(MarketWatch) Viewing the impeachment process as just “another ring to the circus” would be too complacent, says a J.P. Morgan strategist bullish on the market.
In a strategy note by John Norman, head of cross-asset fundamental strategy, he writes that market outcomes from the past are too context-specific to “graft easily onto this saga.”
During Nixon’s Watergate, for instance, the S&P 500 dropped 20% in the six months before he resigned, and gold shot up 15%. (It’s worth noting, however, that the decline also coincided with the first OPEC oil embargo that sent gasoline prices soaring and tipped the economy into recession.)
By contrast, the Clinton impeachment was almost a nonevent, with the S&P 500 rallying 10% in the two months before his acquittal in February 1999.
“The unique context around possible Trump impeachment involves four elements – global growth slowdown, classic late-cycle vulnerabilities, high market valuations but somewhat defensive investor positioning,” Norman writes.
What makes this situation complicated is how Trump may react with China and Iran.
“The optimistic view is that Trump will become more conciliatory in order to counter a possible drop in his approval rating during an impeachment process,” he writes. “The pessimistic view is that other countries will compound the president’s domestic challenges with international ones in hopes of scuppering his re-election bid.”
Markets, Norman says, aren’t much prepared for these adverse scenarios.
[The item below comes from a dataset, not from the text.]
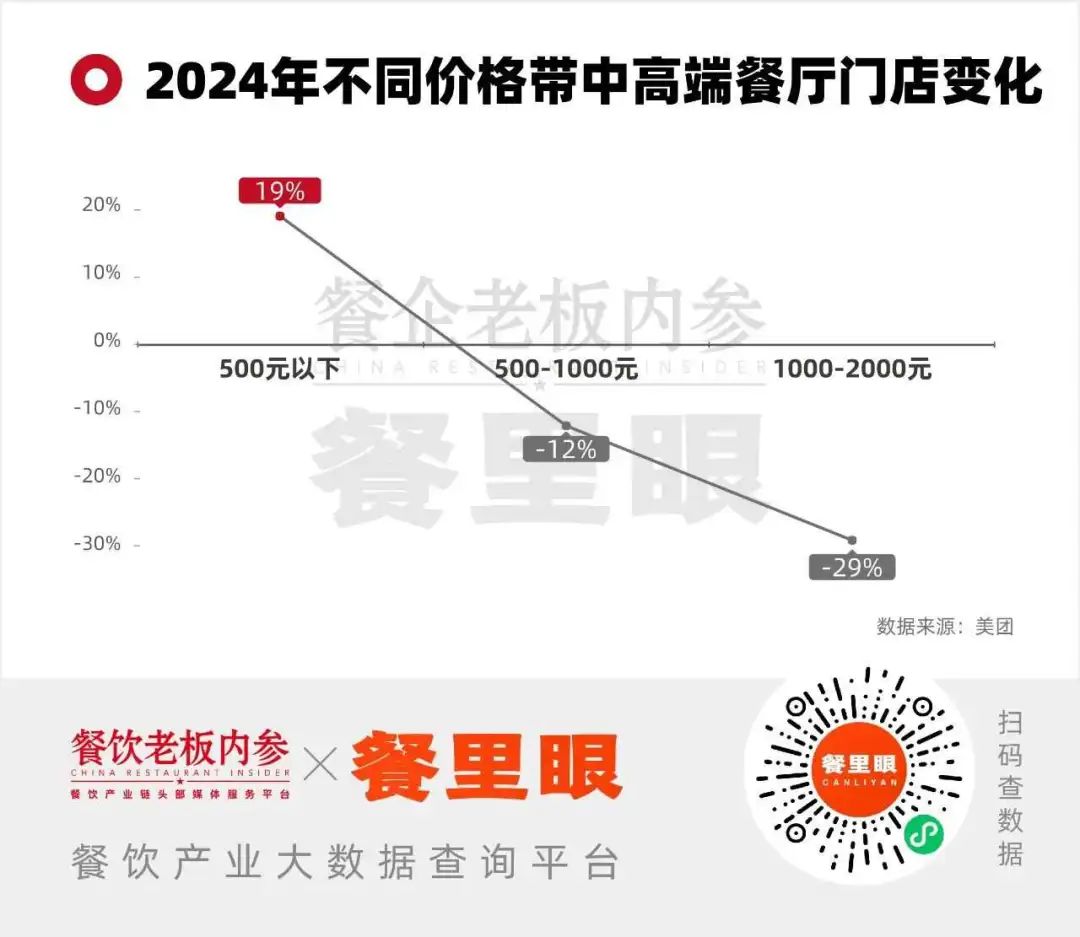 美團數(shù)據(jù)顯示,2024年,許多千元檔位的餐廳正在向500元檔位轉(zhuǎn)型。具體來看,全國中高端餐飲門店數(shù)變化如下,500元以下檔位的餐廳環(huán)比增長19%,500-1000元檔位和1000元-2000元檔位均環(huán)比減少12%,2000元以上檔位的餐廳減少29%。

Domestically, the concern is how the process impacts the 2020 presidential and Senate elections.
“In generic terms, a Democratic president who still faces a Republican Senate might prove the least disruptive to markets, because gridlock would impede rollback of the Trump tax cuts and passage of transformative sectoral policies across Healthcare (Medicare for All), Tech/Communications (breakup/higher regulation) and Energy (Green New Deal/bans on hydraulic fracking),” he says.
He said the broker is sticking to its recommendations, including being overweight equities vs. fixed income in the U.S., and overweight U.S. versus non-U.S. equities.